RAISE grant funding is appropriated through congressional action and programmatic direction is overseen by the United States Department of Transportation and the Federal Highway Administration. Annual award cycles reflect budgetary decisions by the United States Congress and appropriations committees including the House Committee on Transportation and Infrastructure and the Senate Committee on Environment and Public Works. Grant governance incorporates federal cross-agency coordination with the Department of Energy for resilience measures, the Department of Housing and Urban Development where projects intersect housing policy, and state transportation agencies such as the Texas Department of Transportation and New York State Department of Transportation for implementation. Auditing and compliance draw on standards from the Government Accountability Office.

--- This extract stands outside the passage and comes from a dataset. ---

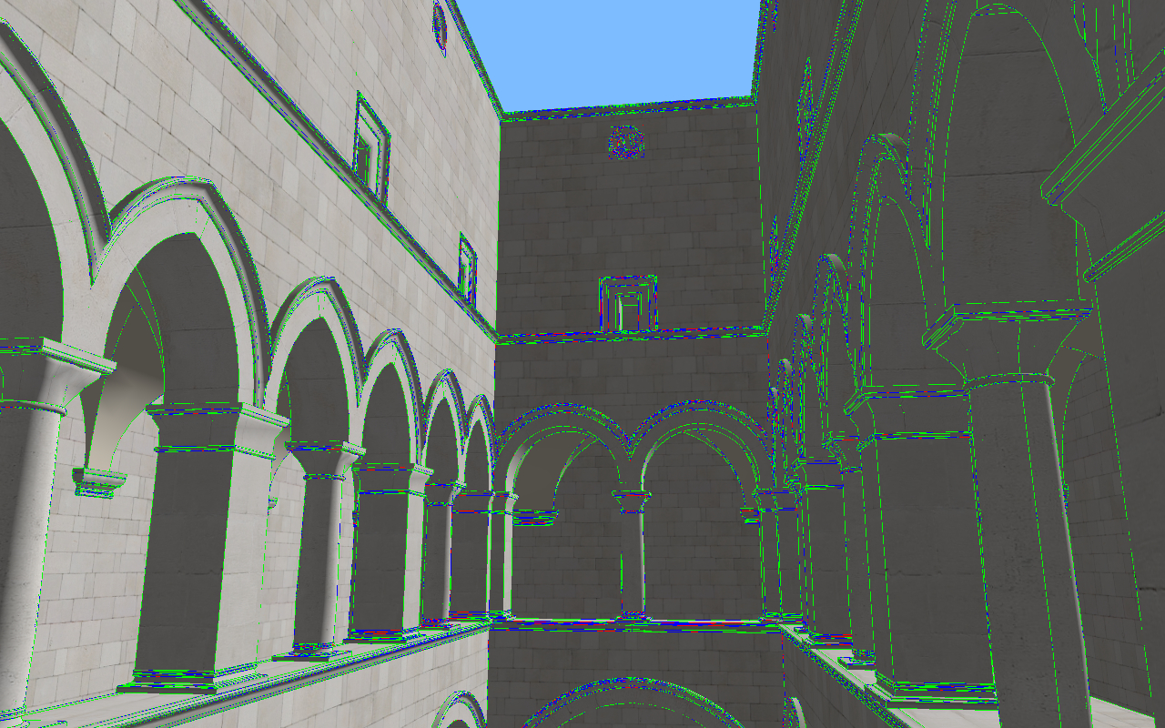 이 샘플의 다른 접근법은 픽셀에 샘플들 사이의 normal, color 그리고 depth 에서 비연속성을 찾는 것이다. 그래서 만약 비연속성이 특정 문턱값 보다 크다면, 우리는 픽셀을 complex로 결정한다. 이 접근법은 complex 픽셀이 오직 가장자리에서만 생성된다는 이점을 갖고 있다. 그러나 complex를 검출하는 동안 픽셀의 샘플을 반복해야 합니다.

Equity objectives in RAISE grant guidance mirror principles advanced by the Office of the Vice President and executive orders on environmental justice issued during the Biden administration. Applicants are encouraged to address disproportionate impacts identified by agencies like the Environmental Protection Agency and community organizations including the Natural Resources Defense Council and NAACP. Projects frequently incorporate access improvements for disadvantaged communities informed by data sets such as the Climate and Economic Justice Screening Tool and planning frameworks used by the Federal Transit Administration and regional health departments. Tribal engagement protocols align with consultations led by the Bureau of Indian Affairs and tribal governments across regions including the Navajo Nation and Confederated Tribes of the Colville Reservation.
Critiques of the program have included concerns about geographic distribution of awards raised in hearings before the United States Congress and by state executives including governors from states such as Texas and Florida. Observers from policy think tanks like the Brookings Institution and American Enterprise Institute have debated the balance between urban and rural allocations, administrative burden cited by municipal officials in cities like Detroit, and the adequacy of funding relative to needs documented by the American Society of Civil Engineers in its infrastructure reports. Legal challenges and disputes have occasionally involved procurement practices scrutinized under statutes such as the Federal Grant and Cooperative Agreement Act.